My brain rarely switches off completely.

For a long time, I saw that as a positive thing.

I’m ambitious.
Independent.
Practical.

I get things done.

And, realistically, when you carry a lot of responsibility, you often have to.

Because if you don’t do it, there’s a good chance nobody else will.

So you adapt.

You become efficient.
Reliable.
Capable.

You stop waiting to be rescued and simply learn to move.

And over time, that becomes your normal state.

But recently, I’ve started wondering something else.

What if the inability to truly do nothing is not ambition at all?

What if it’s simply the result of carrying so much, for so long, that your nervous system no longer recognises stillness as safe?

After two decades of running from one responsibility to the next, perhaps my brain is simply wired to anticipate the next task before the current one has even finished.

The next email.
The next meal.
The next deadline.
The next thing to organise, solve or remember.

And when that becomes your default setting for long enough, something interesting happens.

You stop just doing it.

You become it.

The capable one.
The productive one.
The one who always keeps moving.

And maybe that’s why slowing down can feel strangely uncomfortable.

Because when the movement stops, you are left facing a quieter question:

Who am I when I’m not constantly doing?

I don’t think the answer is to suddenly become someone who spends entire days doing absolutely nothing.

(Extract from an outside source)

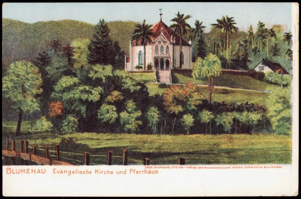 Blumenau Brasilien ev. Kirche und Pfarrhaus Deutsche Kolonie Brasil 1912

That’s probably never going to be me.

But I do think there is something important in learning how to create more space between the doing.

More moments of presence.
More calm.
More stillness without guilt.

Not because productivity is bad.

But because constantly living in “next” mode means you rarely get to fully experience where you already are.

And perhaps real balance is not about becoming less ambitious.

Maybe it’s about learning that your value does not disappear the moment you stop moving.